- _Work required_
Without copying any picture, transcribe exactly the lines of the data below from the one containing "Cette accumulation historique" through the one containing "00800272 6.5八角高台 ¥1,300".

- _Material for this task_
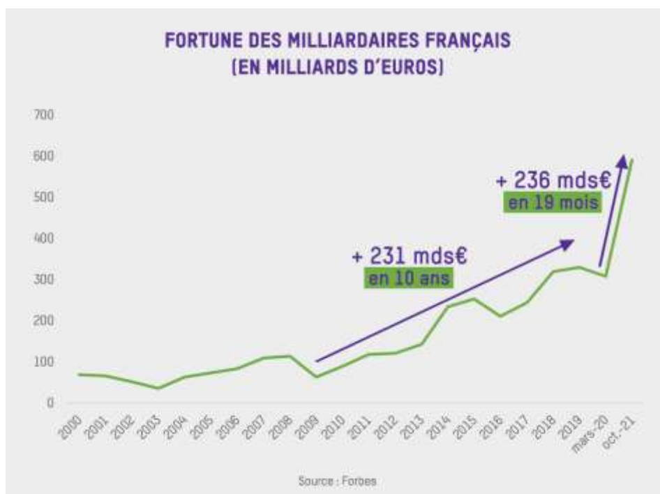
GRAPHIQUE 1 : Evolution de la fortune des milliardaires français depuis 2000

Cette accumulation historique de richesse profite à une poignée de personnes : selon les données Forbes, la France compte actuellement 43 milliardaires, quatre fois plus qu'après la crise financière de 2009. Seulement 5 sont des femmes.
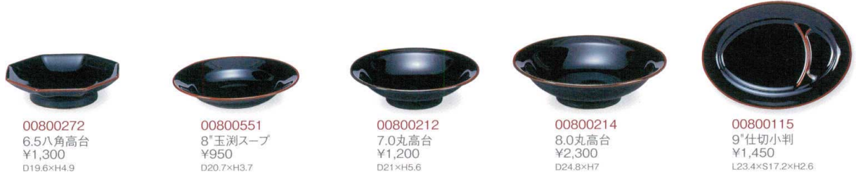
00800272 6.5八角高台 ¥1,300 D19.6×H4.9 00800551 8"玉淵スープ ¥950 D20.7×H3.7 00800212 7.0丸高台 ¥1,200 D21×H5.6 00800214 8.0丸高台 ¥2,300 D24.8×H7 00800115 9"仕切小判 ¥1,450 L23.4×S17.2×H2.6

...

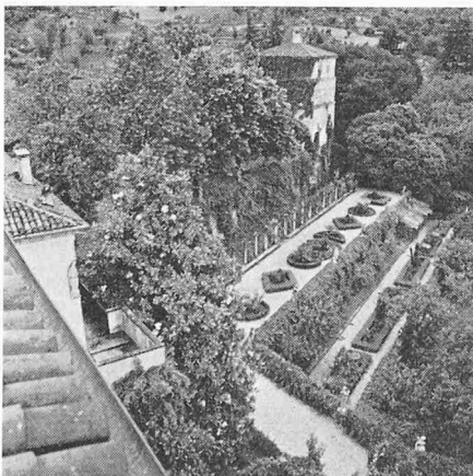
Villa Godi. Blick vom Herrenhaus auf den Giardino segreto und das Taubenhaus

- _Response to the exercise_
Cette accumulation historique de richesse profite à une poignée de personnes : selon les données Forbes, la France compte actuellement 43 milliardaires, quatre fois plus qu'après la crise financière de 2009. Seulement 5 sont des femmes.
00800272 6.5八角高台 ¥1,300 D19.6×H4.9 00800551 8"玉淵スープ ¥950 D20.7×H3.7 00800212 7.0丸高台 ¥1,200 D21×H5.6 00800214 8.0丸高台 ¥2,300 D24.8×H7 00800115 9"仕切小判 ¥1,450 L23.4×S17.2×H2.6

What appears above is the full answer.